Microsoft is phasing out the “Together” mode in Teams, the virtual meeting feature it introduced in 2020 at the height of the COVID-19 pandemic to make remote participants feel like they were in the same shared space. The company now wants users to rely on the standard Gallery view instead, arguing that the change will cut complexity and improve video performance.
The decision, outlined in Microsoft’s Teams Insider Blog, marks a shift away from one of the more visually distinctive elements of the platform in favour of a simpler, more resource-efficient setup.
According to Microsoft, Together mode has become more of a liability than a benefit as hybrid and in-office work patterns have returned. The company says the feature increases “cognitive load for users” and “adds implementation complexity across platforms,” making Teams harder to run optimally across devices.
Microsoft also acknowledges that Together mode can degrade the experience on less powerful hardware. On mobile phones and other “modest” devices that lack strong processing power, the composited virtual room effect can lead to a choppy video experience. That runs counter to what many users now expect: stable, smooth calls that work reliably regardless of their device.
By steering users toward Gallery mode, Microsoft is trying to rein in those trade-offs. Gallery doesn’t generate a shared virtual environment; it simply arranges participant tiles in a more traditional grid, which is less demanding computationally.
Microsoft is positioning Gallery as the default that better fits the current moment. The company says Gallery will enable “smoother video on modest devices” thanks to adaptive video tile counts that help prevent machines from being overloaded. In practice, that means Teams can adjust how many participant tiles are rendered and at what quality, based on the capabilities of the user’s device.
Dropping Together mode also lets Microsoft simplify the overall meeting interface. Fewer layout modes and fewer special effects reduce the complexity both for users and for Teams’ underlying codebase, which Microsoft describes as suffering from “implementation complexity” when advanced modes like Together are enabled across multiple platforms.
Microsoft says those freed-up resources can now be reallocated to “foundational video improvements.” The company specifically points to areas such as:
- Super-resolution – techniques aimed at sharpening or upscaling video feeds.
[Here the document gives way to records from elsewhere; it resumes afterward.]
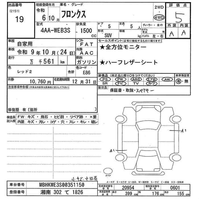 Suzuki FRONX с аукциона Японии JU Kanagawa лот № 19
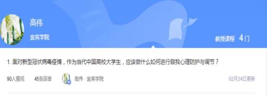 “疫”期第一课,如何发挥高校课程立德树人的关键作用,如何引导大学生传承和弘扬爱国主义精神,增强中国特色社会主义道路自信、理论自信、制度自信、文化自信,新学期第一课,我将课程内容主要放在了立德教育。首先,按照国际教育学部按照学校统一要求和部署,引领学生学习国家卫健委《新型冠状病毒肺炎健康教育手册》及《新型冠状病毒肺炎全民心理健康实用手册》,并引导学生在在线教学平台展开展积极讨论。
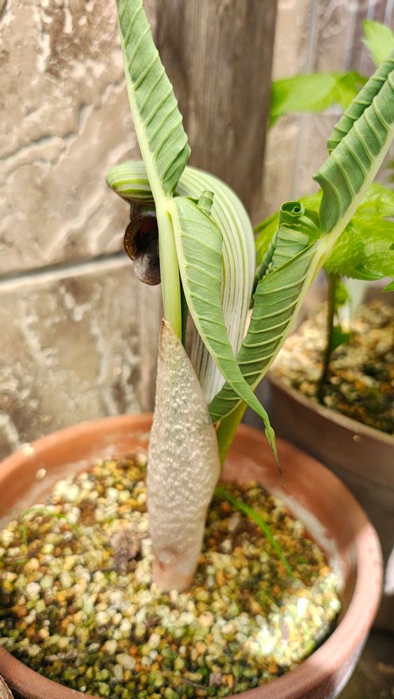 ウチのムサシ、片方仏炎苞が緑なんだけど、中は普通に茶色なので素心でもない、曖昧なやつです。
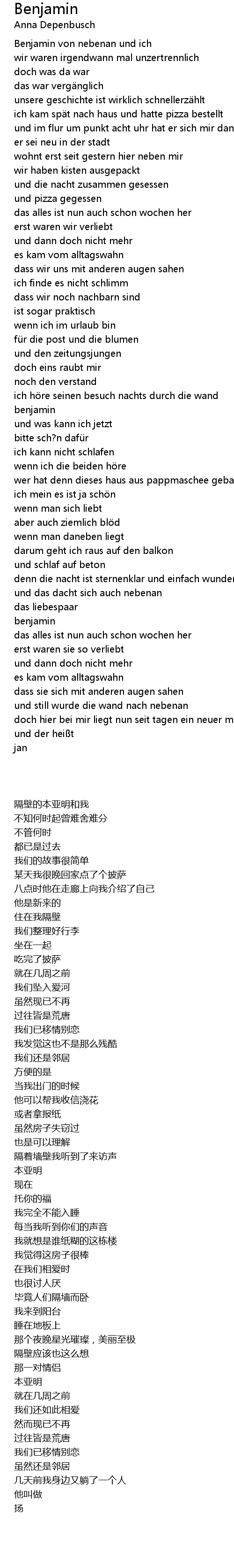 | [00:14.65] | Benjamin von nebenan und ich |
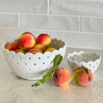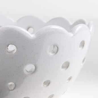 Inspirada en sus vestidos de verano favoritos, Laura Kim diseñó este encantador escurridor con un estampado de ojales y un romántico borde festoneado. Las perforaciones decorativas hacen las veces de orificios de drenaje, por lo que este pequeño escurridor de cerámica esmaltada en blanco es ideal para enjuagar los productos frescos del huerto, la tienda o el mercado agrícola. Nos encanta especialmente apilarlo con bayas para darle un toque caprichoso a la mesa del brunch.
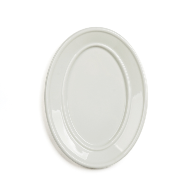 A glossy dish with a harmonious blend of pure white and light blue hues. The ideal size for serving a main dish with refined simplicity.
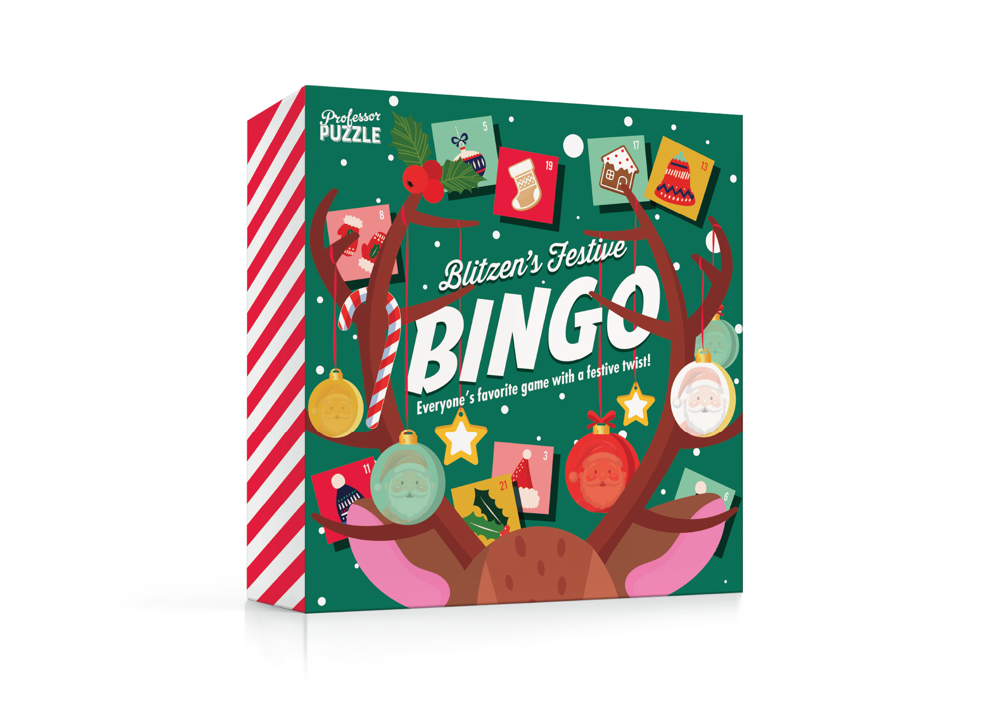 Have a jolly good time with this festive game of chance! Pick the picture tiles out of the sack and see who will be the first to match five Christmassy objects in a row and shout 'Bingo-ho-ho'! Enjoy playing this reindeer game with friends and family all season long.
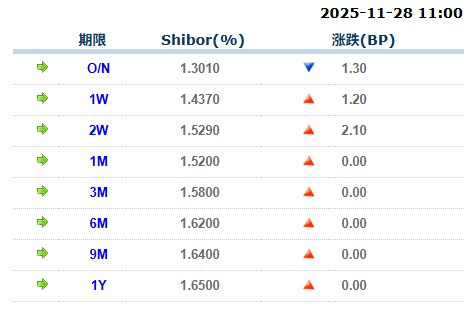 新华财经北京11月28日电(刘润榕)人民银行28日开展3013亿元7天期逆回购操作,鉴于当日有3750亿元7天期逆回购到期,公开市场实现净回笼737亿 元。本周人民银行合计开展15118亿元7天期逆回购操作和10000亿元1年期中期借贷便利(MLF)操作,因本周有16760亿元7天期逆回购和9000亿元1年期 中期借贷便利(MLF)到期,公开市场合计实现净回笼642亿元。 上海银行间同业拆放利率(Shibor)延续窄幅震荡。具体来看,隔夜Shibor下跌1.30BP,报1.3010%;7天Shibor上涨1.20BP,报1.4370%;14天Shibor上涨 210BP,报1.5290%。 | | | | 2025-11-28 11:00 | | --- | --- | --- | --- | | | 期限 | Shibor(%) | 涨跌(BP) | | 中 | O/N | 1.3010 | 1.30 | | 中 | 1W | 1.4370 | 1.20 | | 中 | 2W | 1.5290 | 2.10 | | ⇒ | 1M | 1.5200 | 0.00 | | t | 3M | 1.5800 | 0 ...
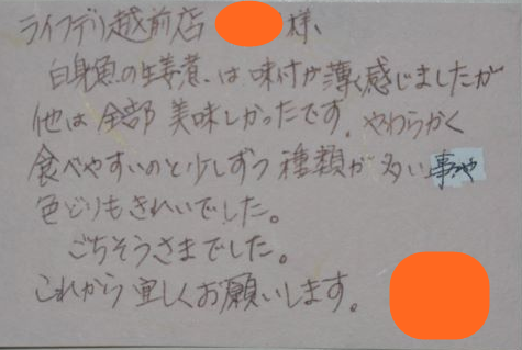 ライフデリ越前店へのお手紙をご紹介します。
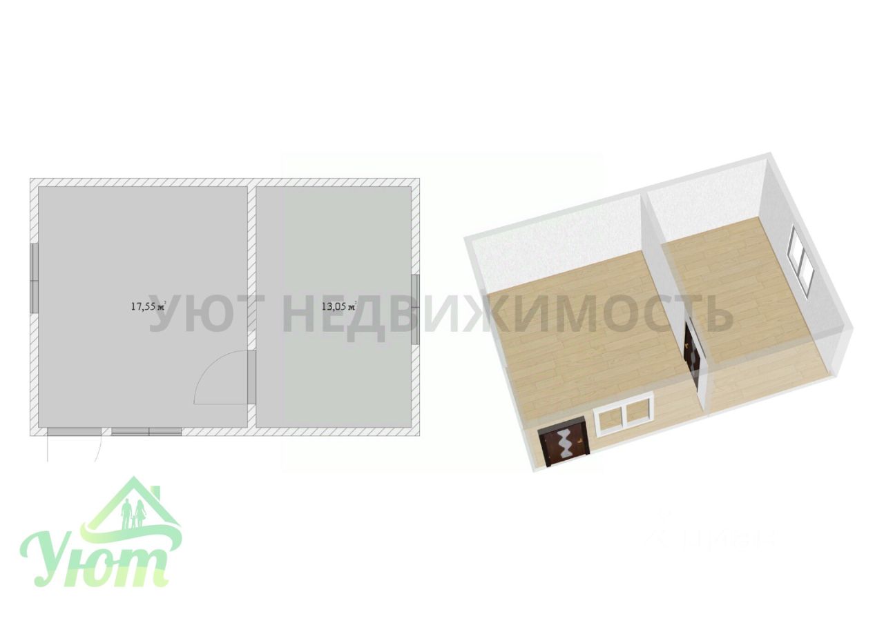 Дом - две комнаты - 17,5 м2 и 13,0 м2, не зарегистрирован.
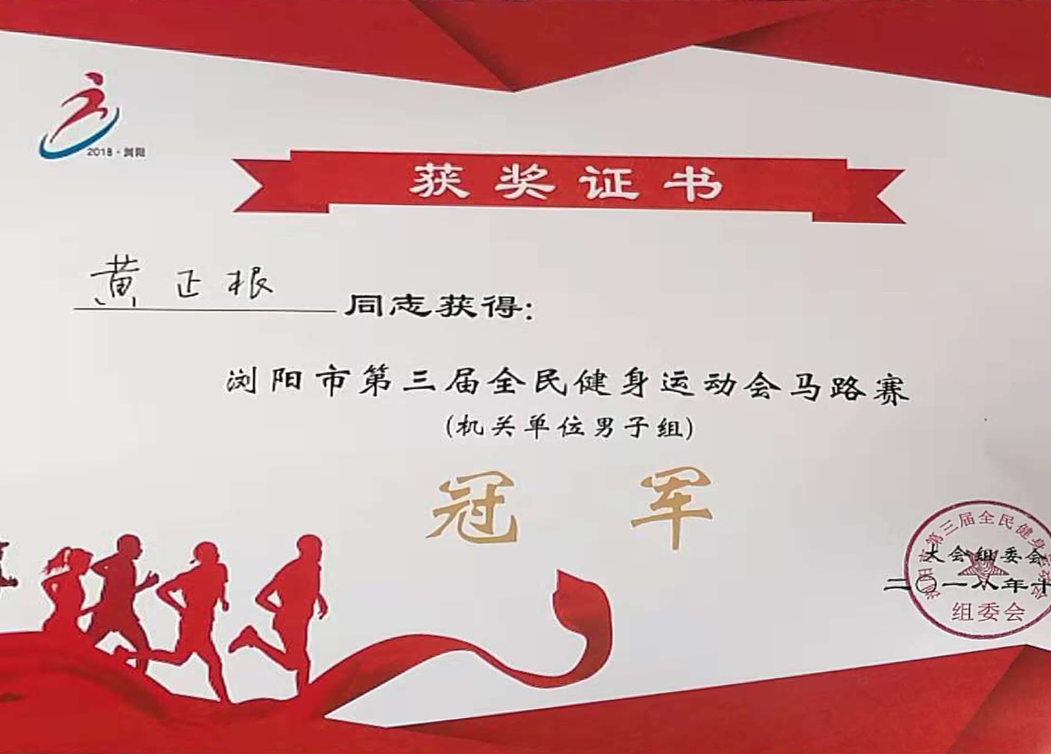 11月9日,在瀏陽經開區職工運動會男子長跑比賽中,黃正根以十七分零六秒的成績第一個沖過終點,為公司爭得了第一塊金牌。前些日子,在瀏陽市第三屆全民健康運動會馬路賽比賽中,黃正根代表瀏陽經開區參加比賽,同樣也獲得了冠軍。
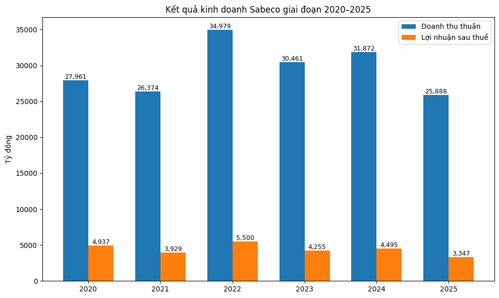 Lũy kế cả năm 2025, Sabeco ghi nhận doanh thu thuần gần 25.888 tỷ đồng, giảm 19% so với năm 2024. Ngược lại, lợi nhuận sau thuế đạt 3.347 tỷ đồng, tăng nhẹ khoảng 2% so với cùng kỳ. So với kế hoạch đề ra, doanh nghiệp mới hoàn thành khoảng 82% mục tiêu doanh thu (31.641 tỷ đồng) và 69% kế hoạch lợi nhuận sau thuế (4.835 tỷ đồng).
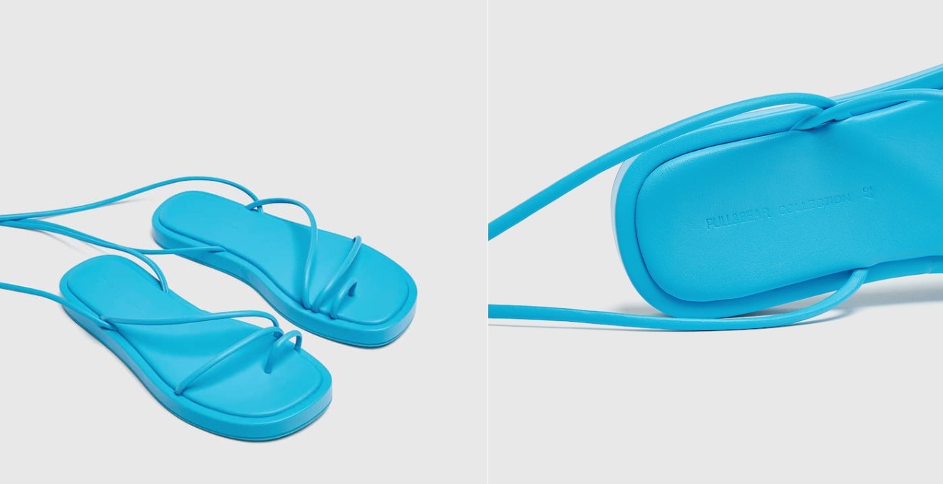En la sección rebajas de Pull&Bear vimos esta sandalia plana de tiras finas, disponible en varios colores: azul, marrón, verde y negra. Tiene un cierre mediante atado al tobillo y la altura de la suela es de 2 cm. Aportan elegancia y estilo al look gracias a este color azul turquesa que hemos seleccionado. Solo quedan en talle 38 y 39. Su precio es de 15,99 euros.
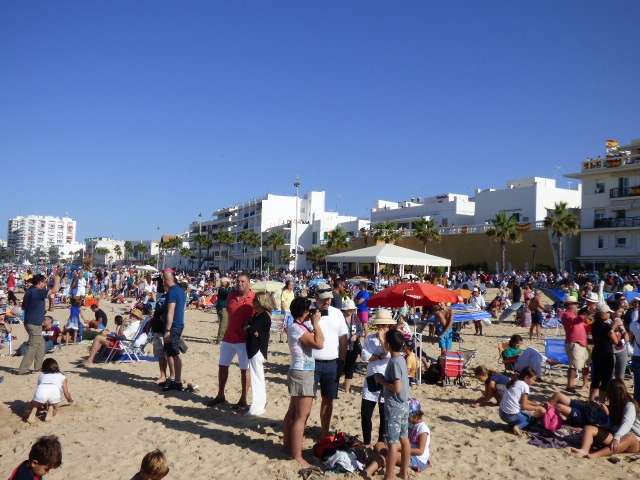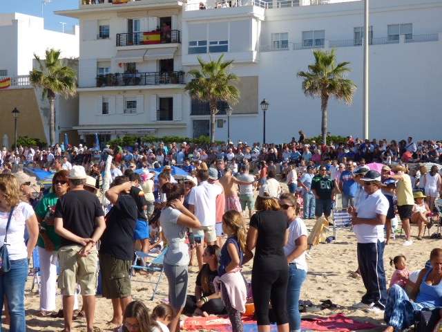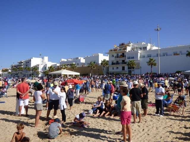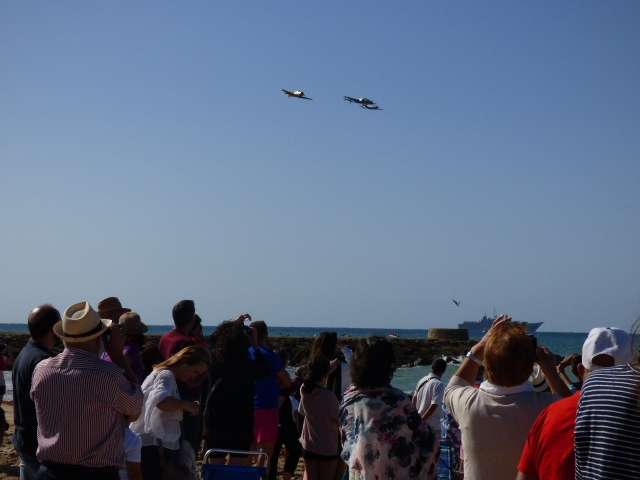 Una exhibición aérea que comenzó pasadas las once de la mañana y que a estas horas (13.00h) la están siguiendo miles de personas que se han apostado bien en la playa, en el paseo marítimo, en balcones o azoteas. Cualquier sitio era válido para ver en directo un espectáculo aéreo que pocas veces se puede ver tan cerca. Más de 50 equipos participan en esta demostración que por primera vez se celebra en la localidad, en este caso, gracias a la deferencia de la Armada española con la villa que lleva más de seis décadas acogiendo a los marinos, pilotos, tripulaciones y sus familias con destino en la Base Naval como parte de su población. Por eso, este acto, además de ser un homenaje a todos aquellos que han formado o forman parte del arma aérea de la Armada, es un agradecimiento expreso a los roteños y a Rota.
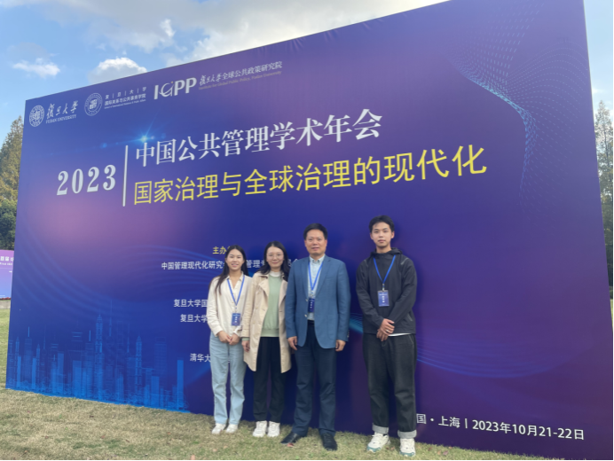 (通讯员 王玉)10月21-22日,2023年度中国公共管理学术年会在复旦大学顺利召开,本届年会主题为“国家治理与全球治理的现代化”,由中国管理现代化研究会公共管理专业委员会主办,复旦大学国际关系与公共事务学院、复旦大学全球公共政策研究院联合承办,清华大学公共管理学院支持。我院院长胡守庚教授、博士后甘颖及两名博士生参加本次会议。
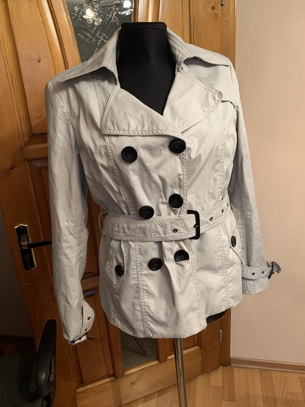 Короткий сірий тренч в дуже гарному стані слідів носіння практично нема
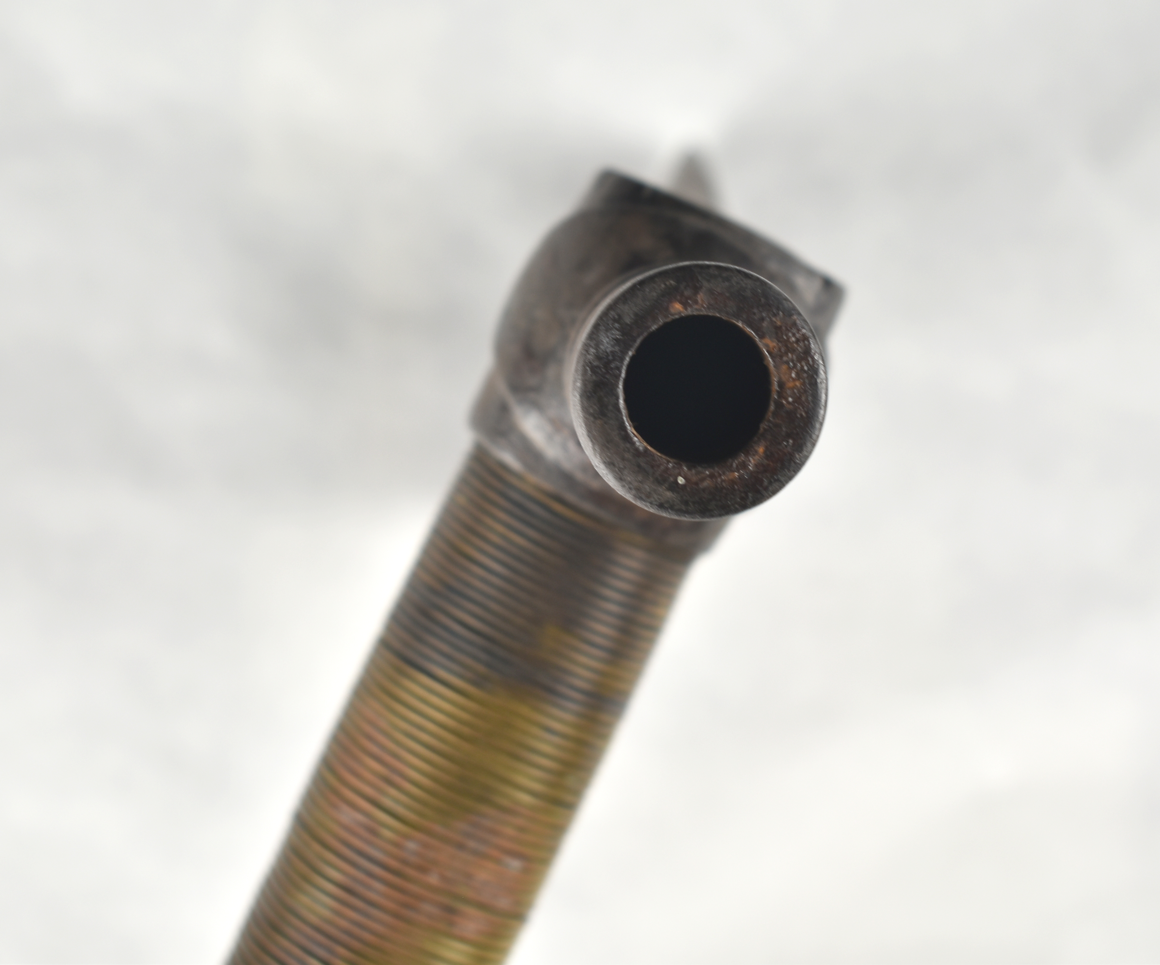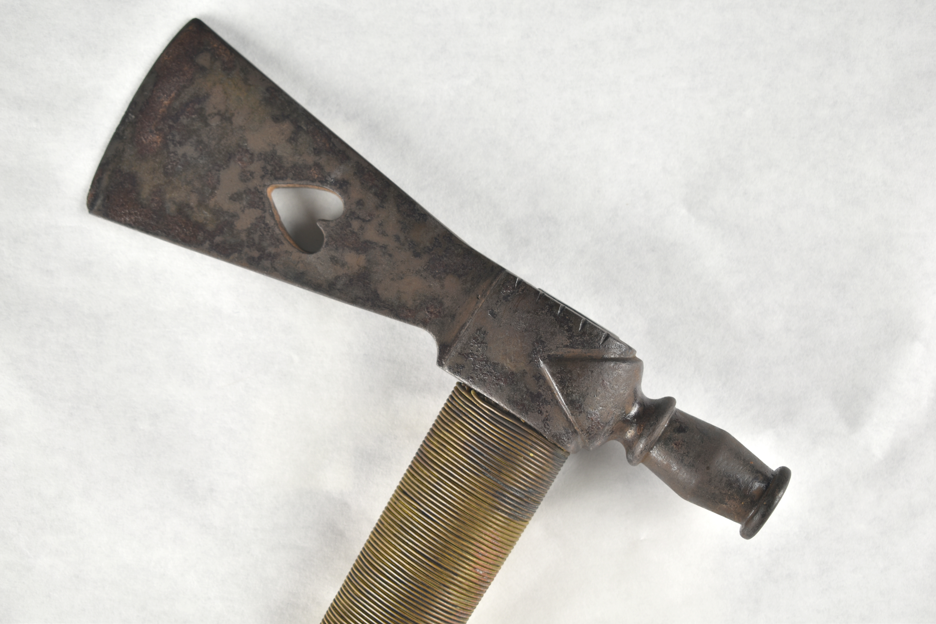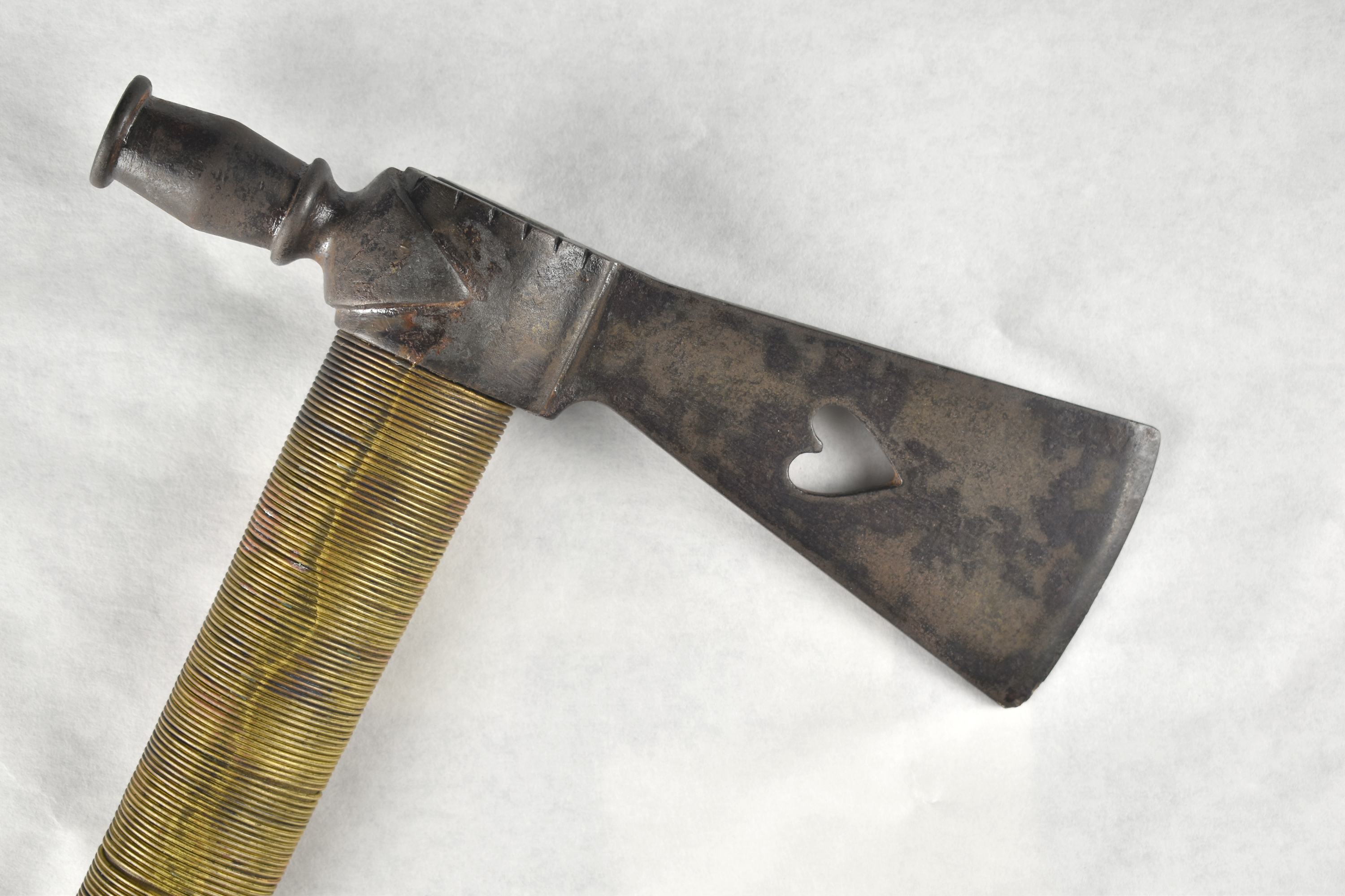 18.5″ Pipe Tomahawk of unknown age. Selling as Decorative and as-is. Appears to have a Pewter plug at one end, features a heart cutout, and does draw. Would make an excellent decorative display example.

- Denoising – reducing visual noise in low-light or low-quality streams.
- Improved colour accuracy – making participants’ video look more natural and consistent across devices.
These underlying enhancements could matter more to everyday users than a distinct viewing mode, particularly for those who have struggled with call quality or unreliable performance.
The change also comes against a backdrop of persistent frustration from many Teams users. The platform is often criticized for performance issues and for feeling overly complex. Microsoft’s move to retire Together mode aligns directly with those complaints: reduce visual and technical overhead, and channel engineering attention into speed, stability and core video quality.
The company is effectively betting that fewer features, executed more efficiently, will make Teams feel lighter and more responsive, especially on lower-end devices and in bandwidth-constrained environments.